FB suspends Trump campaign data firm
WASHINGTON: Facebook says it has suspended the account of Cambridge Analytica, the data analysis firm hired by Donald Trump’s 2016 presidential campaign, amid reports it harvested the profile information of millions of US voters without their permission.
According to the New York Times and Britain’s Observer, the company stole information from 50 million Facebook users’ profiles in the tech giant’s biggestever data breach, to help them design software to predict and influence voters’ choices at the ballot box.
Also suspended were the accounts of its parent organisation, Strategic Communication Laboratories, as well as those of University of Cambridge psychologist Aleksandr Kogan and Christopher Wylie, a Canadian data analytics expert who worked with Kogan.
Cambridge Analytica was bankrolled to the tune of US$15 million by US hedge fund billionaire Robert Mercer, a major Republican donor.
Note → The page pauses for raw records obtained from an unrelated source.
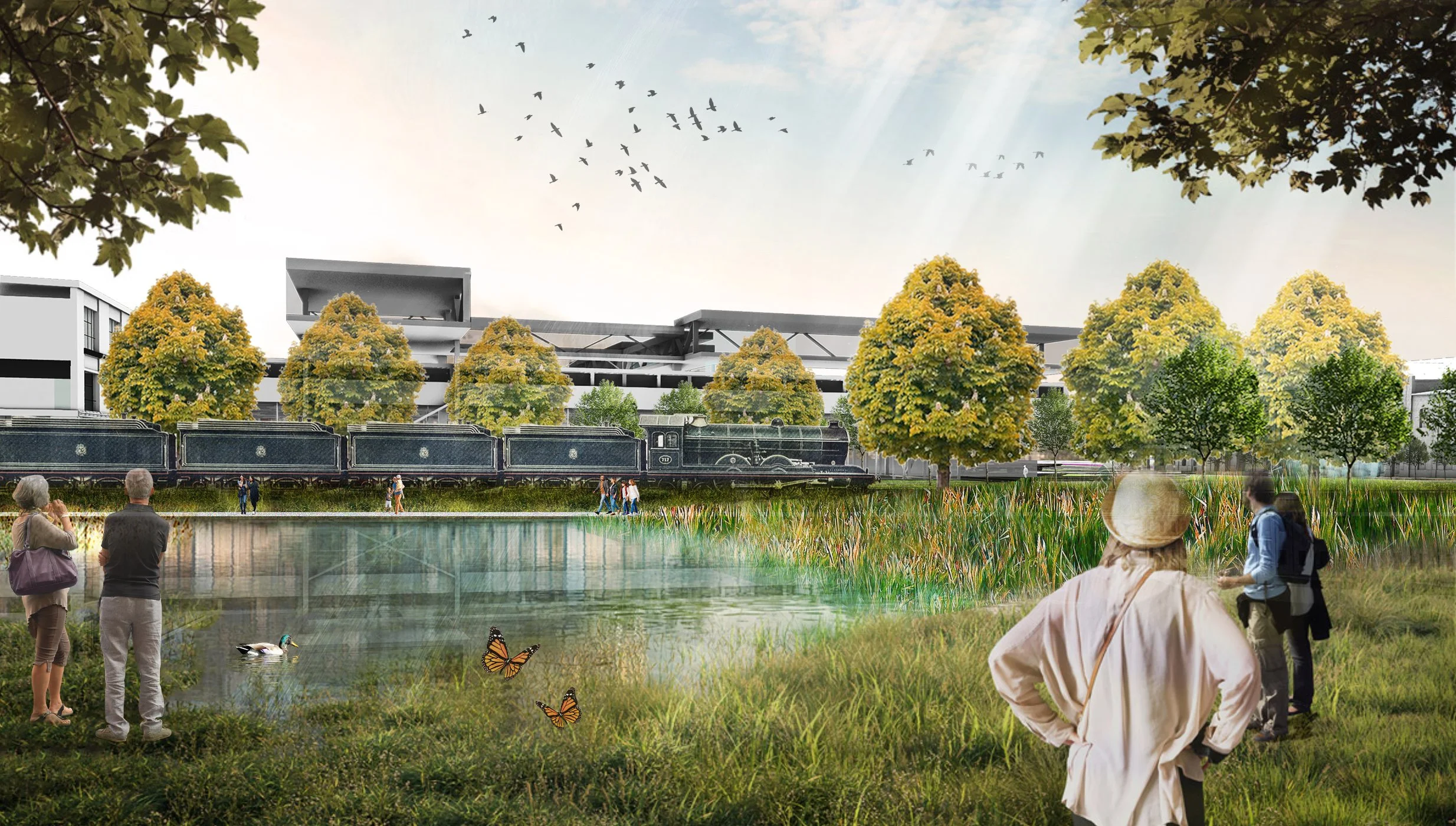 GROSS. MAX. in collaboration with Diller Scofidio + Renfro Architects won an international design competition for the New Hungarian Museum of Transport in Budapest in a disused railway carriage works. The New Museum of Transport occupies a unique location within the city, and country, as part of a network of connectivity. The new museum is contextualized within a patchwork of native vegetation representing the enormous variety of meadow and forest ecotypes in Hungary. Each patch is an exemplar of a specific soil condition, providing the corresponding growing conditions of plants and species representing the wide variation of geographic regions in Hungary, such as the Hungarian Plain, the Carpathian Basin, and the fluvial sediments of the Danube. The increased biodiversity of the site allows for interpretation and education whilst providing an increased sense of spatial definition between the various programmatic activities of the site. New trees are carefully integrated amongst existing trees to create a contemporary arboretum. The vegetation will mitigate urban heat islands and create a variety of micro-climate conditions providing shade, shelter, and humidity as well increase the seasonal experience and provides an intensification and diversification of the ground plane. The integration of plaza, park, and built form along with the juxtaposition between natural and artificial conditions creates a dramatic setting and new typology of public space. The public plaza and museum park reconcile the wider landscape of sinuous railway lines and the urban grid of the industrial buildings. The plaza extends the urban grid of the New Hall and gradually ‘dissolve’ in the museum park, which extends into the wider landscape with bold sweeping lines of tree planting and unfolding meadows of wildflowers. Here, architecture and landscape are integrated in a seamless continuum. This concept could frame and integrate the entire site as cultural campus and provide a missing link and ‘ecological stepping stone’ to the nearby Népliget Park.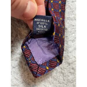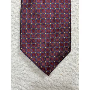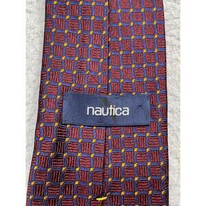 Vintage Nautica Silk Burgundy Blue Gold Patterned Necktie.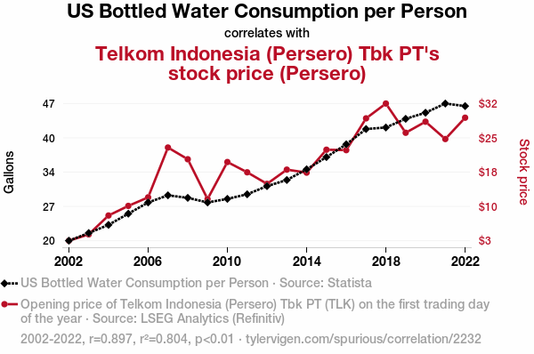 The culmination of our laborious analysis has revealed a remarkable correlation between the per capita consumption of bottled water in the United States and the stock price of Telkom Indonesia (Persero) Tbk PT. The correlation coefficient of 0.8969012 reflects a strong positive relationship between the two variables. This finding suggests that as bottled water consumption in the U.S. ebbed and flowed, so did the stock price of Telkom Indonesia (Persero) Tbk PT, in a synchronized aquatic ballet of market dynamics.

The Observer said it was headed at the time by Steve Bannon, a top Trump adviser until he was fired last summer.
“In 2015, we learned that ... Kogan lied to us and violated our Platform Policies by passing data from an app that was using Facebook Login to SCL/ Cambridge Analytica, a firm that does political, government and military work around the globe,” Facebook said in a posting by its vice-president and deputy general counsel Paul Grewal. Kogan also improperly shared the data with Wylie, it said.
Kogan’s app, this is your digital life, offered a personality prediction test, describing itself on Facebook as ‘a research app used by psychologists.’ Some 270,000 people downloaded the app, allowing Kogan to access information such as the city listed on their profile, or content they had ‘liked.’
“However, the app also collected the information of the test-takers’ Facebook friends, leading to the accumulation of a data pool tens of millions-strong,” the Observer reported.
Facebook later pushed back against the claim of a data breach, issuing a fresh statement that suggested the misused data was limited to those who voluntarily took the test.
“People knowingly provided their information, no systems were infiltrated, and no passwords or sensitive pieces of information were stolen or hacked,” Grewal said.
Cambridge Analytica meanwhile said it was in touch with Facebook “in order to resolve this matter as quickly as possible.” It blamed the misuse of data on Kogan and said it has since deleted all the data it received from a company he founded, Global Science Research (GSR).
“No data from GSR was used by Cambridge Analytica as part of the services it provided to the Donald Trump 2016 presidential campaign,” it said.